Good complexity

bearophile bearophileHUGS at lycos.com
Fri Nov 21 02:30:53 PST 2008


Complexity in a programming language isn't created equal, there is good and bad one. So by itself it not necessary a bad thing.
(There is also the complexity of the implementation, that is a different matter and has a different set of advantages/disadvantages. I don't discuss about it here).

For example D is a language much more complex than C, but in practice I am able to write correct programs in *much* less time in D than in C. My D programs contain less bugs too.

How to tell the bad complexity from the good one? The good complexity is of features that allow to reduce code, avoid potential bugs, remove often the need of twiddling with pointers, to express a programmer meaning in a clear and standard way, etc. Adding to the language keywords that have a single and clean meaning seems an example of good complexity, while having keywords with multiple meanings looks like a bad form of complexity. Special cases are bad complexity. Adding simple standard ways to perform a common purpose may become good complexity if it's chosen wisely.
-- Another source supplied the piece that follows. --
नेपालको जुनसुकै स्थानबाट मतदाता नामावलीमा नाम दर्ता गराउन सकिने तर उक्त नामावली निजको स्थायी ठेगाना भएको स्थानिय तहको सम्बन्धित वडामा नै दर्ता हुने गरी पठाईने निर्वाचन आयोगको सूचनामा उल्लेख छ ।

Here are few examples, mostly from D:

1) C doesn't have an array slicing syntax, so C is less complex. But D slicing syntax is handy, easy to read and understand, and equally efficient (or more, because such slices are lazy), so they are a good complexity. I like slices, but them being lazy has produced several bugs in my code, so I think I may like slices to be copying by default and lazy when required, that is the opposite of the current situation (so [a..b].dup becomes the standard default meaning and [a..b] becomes the special syntax. So it may become: [a..b] an eager copy, and [a..b].lazy the light slicing. This may reduce bugs).

2) D built-in dynamic arrays allow to manage matrixes and tensor is a way WAY simpler than C, so while they introduce complexity in the language (and its implementation), I think it's a good complexity. On the other hand I often find this syntax very confusing:
auto m = new int[][](n, m);
that is I confuse rows with columns, etc. In Python I use Numpy or a syntax with the native lists that can't be confusing to Python programmers:
m = [[None] * n for _ in xrange(m)]
So for me that's a little example of bad complexity in D.
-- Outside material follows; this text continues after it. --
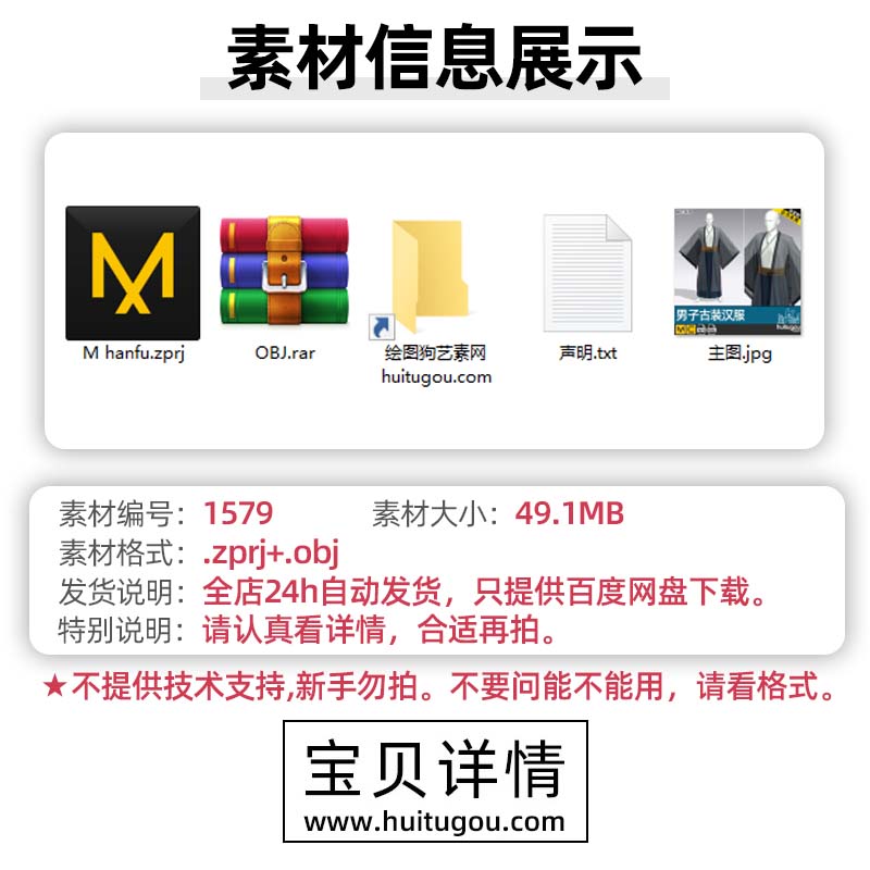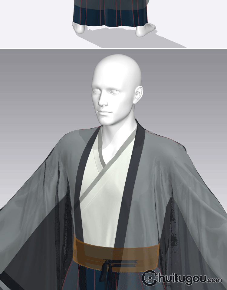 Marvelous Designer男子汉服国风中式古装CLO3D服装打版源文件OBJ

3) Python has lazy and eager ways to define lists (lazy ones just define an iterable sequence), D lacks them, so Python is more complex here. But in practice they give:
- a short syntax that reduces code clutter, so they avoig bugs too
- avoid the usage of lambdas most of the times
- avoid the usage of many map() and filter() and related functions present in my libs and in std.algorithm of D2, this reduces complexity a lot and at the same time leads to faster (delegate-free) code as Andrei likes. This shows why using map() and filter() and related functions is bad, and I'd like a better solution, instead of seeing them added to the D stdlib.

4) Adding few associative arrays methods like a 'clear', to return a lazy view of its keys or values or pairs, and so on, increase its complexity, but in practice allow to write less code and to write smarter code, so they are good comlexity. The same may be true for a built-in set data structure, and part of the things that can be found in my dlibs.

5) The D module system is more complex than the basix import semantics of C, but in practice it leads to a simpler management of the parts of the programs, so it's a good complexity. The current module system has some holes, flling them may be a Good Thing [TM] (and probably it doesn't add much extra complexity).

6) Static if and static asserts seem a little more complex that the ways to do similar things in C, but they seem a good complexity.

My list can go on :-)

I think that most of the complexity of D is good, but there are many corners/things can be improved still, reducing the bad complexity of the language, adding more good complexity, reducing some corner cases, making D code both safer and faster to write and faster to run.